__Exercise requirements__
Copy exactly the lines of the records below, and only those lines, beginning with the line that contains "230 V Driver" and ending with the line that contains "Picture 3: a".

__Data to use__
.....

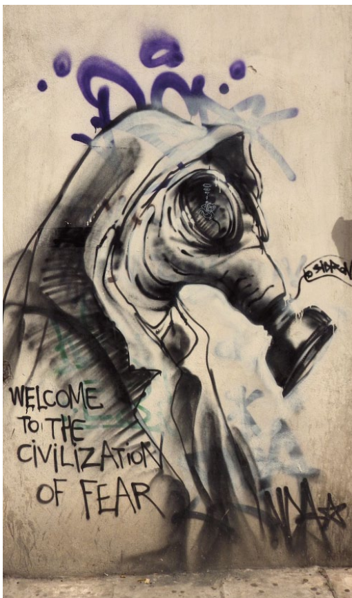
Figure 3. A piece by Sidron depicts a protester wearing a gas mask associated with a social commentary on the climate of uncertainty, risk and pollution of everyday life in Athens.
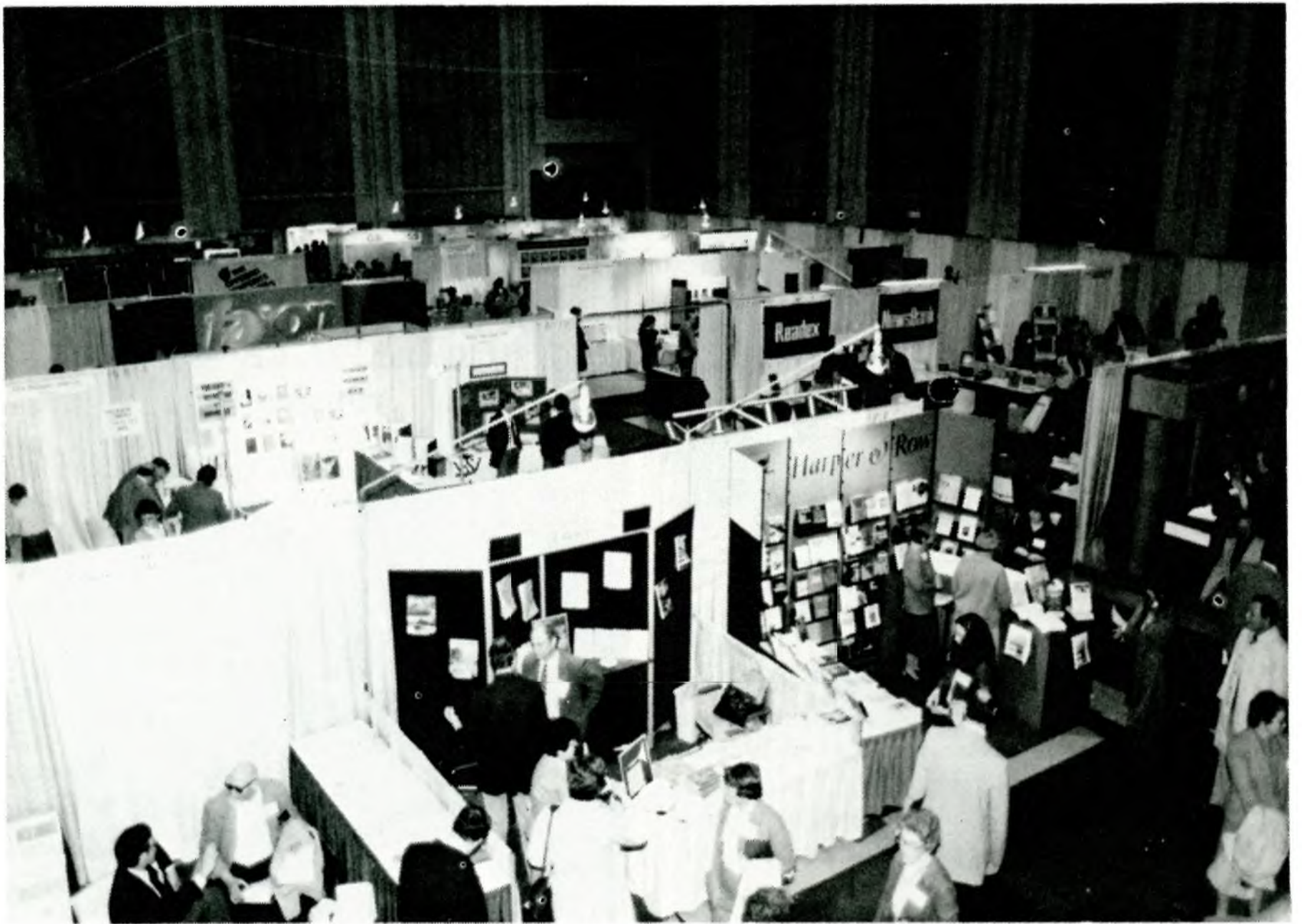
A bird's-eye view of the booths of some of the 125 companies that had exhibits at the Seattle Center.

.....

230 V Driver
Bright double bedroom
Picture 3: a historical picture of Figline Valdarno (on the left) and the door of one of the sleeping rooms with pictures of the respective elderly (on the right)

.....

__Response to the exercise__
230 V Driver
Bright double bedroom
Picture 3: a historical picture of Figline Valdarno (on the left) and the door of one of the sleeping rooms with pictures of the respective elderly (on the right)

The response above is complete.